# Bucks and wethers?



## wildegoats0426 (Aug 30, 2013)

Do bucks and wethers get along? I have a 7 acre pasture with 9 wethers on it. They can't see my girls except for far away in one tiny spot. Could I put a buck in with my wethers so I have him to breed my girls? Or do they not get along


----------



## ksalvagno (Oct 6, 2009)

That should be fine to do. It always ultimately depends on the animals themselves but I bet it would work out fine.


----------



## enchantedgoats (Jun 2, 2013)

i think it should be ok but sometimes they just wont get along. then i move the wether thats being beat up to the doe pen.


----------



## Used2bmimi (Oct 3, 2012)

Lots of people use wethers as companions for bucks. I have had a few different combinations on my place in the last year and they have all done fine.


----------



## wildegoats0426 (Aug 30, 2013)

Would it be better to get a younger buck and let him grow up with the wethers? That way he won't feel obligated to dominate the wethers. Plus my wethers have a harsh initiation sometimes. The last two boys I put out in the pasture I had to take them out daily for about a week and watch them bc the older ones did not want them there. But now they are all fine and get along great


----------



## ksalvagno (Oct 6, 2009)

I don't know that it would matter. A young buck could get beat up by the older wethers. If everyone is full grown, then they should be able to hold their own. You may have to pull someone out. It just really depends.


----------



## ThreeHavens (Oct 20, 2011)

I think if the bucks are outnumbered by the wethers, that should especially be fine. Until recently I had a wether in with my three bucks, and he didn't understand why everyone went all crazy during rut. He wasn't being singled out for bullying, but they were as rough with him as with each other, and the poor thing just didn't get it.


----------



## TDG-Farms (Jul 12, 2013)

As long as they all have horns or all dont have horns, they will fight it out a bit to see how is the boss and in a month or so all will be good. NOW with that being said, putting a new goat in with a herd of other goats is going to be rough on the new buck. I would suggest putting the buck in with just 1 or 2 of the wethers into a separate pen and let them get used to each other. It should only take 2-3 days before the others wethers out on pasture to forget their buddies and treat them as new guys also. Then let the 3 out back into the pasture with the other wethers at the same time so there are more targets for the larger herd and not just one.


----------



## wildegoats0426 (Aug 30, 2013)

I have 3 wethers who would be perfect for the new buck.
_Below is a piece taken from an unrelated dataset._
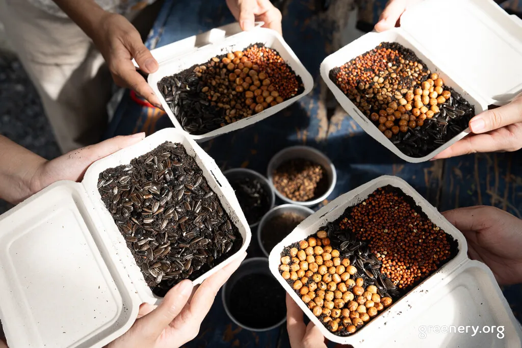 สำหรับเมล็ดที่ฟาร์มลุงรีย์นำมาให้เพื่อน ๆ ผู้ร่วมกรีนได้ทดลองปลูกกัน มี 4 ชนิด ได้แก่ ต้นอ่อนทานตะวัน, ไควาเระหรือต้นอ่อนหัวไชเท้า เป็นพืชที่มีรสชาติซ่า ๆ, โต้วเหมี่ยวหรือต้นอ่อนถั่วลันเตา สามารถเก็บเกี่ยวได้ 2-3 ครั้ง และผักบุ้งจีน ซึ่งระยะเวลาเก็บเกี่ยวที่จะได้ผักบุ้งที่ดี กรอบ ไม่เหนียว คือภายใน 28 วัน โดยมีความยาวลำต้นประมาณ 30 ซม. แต่สำหรับไมโครกรีน สามารถเก็บเกี่ยวต้นอ่อนผักบุ้งตอน 14 วัน ก็สามารถกินได้เช่นกัน

Two of them don't have horns but the one that does, his horns aren't pointed. They are scurs ( I think that's what they're called) that grow and get knocked off while playing head butt with each other. But these 3 are the newest and lowest on the totem pole. They don't get beat up anymore but I do have to throw some hay aside for just them


----------



## wildegoats0426 (Aug 30, 2013)

Another question: how do you train bucks to be nice?


----------



## TDG-Farms (Jul 12, 2013)

Just have to handle em lots. Which is a stinky proposition during the rut


----------



## Scottyhorse (Feb 11, 2013)

Yup and make sure they know you are boss. Both my bucks respect me and are very nice around me, but my younger brother teased them when we first got them (a few years apart) so they are aggressive with him if he is around them because they know (or think, anyways) they they're the boss over him.


----------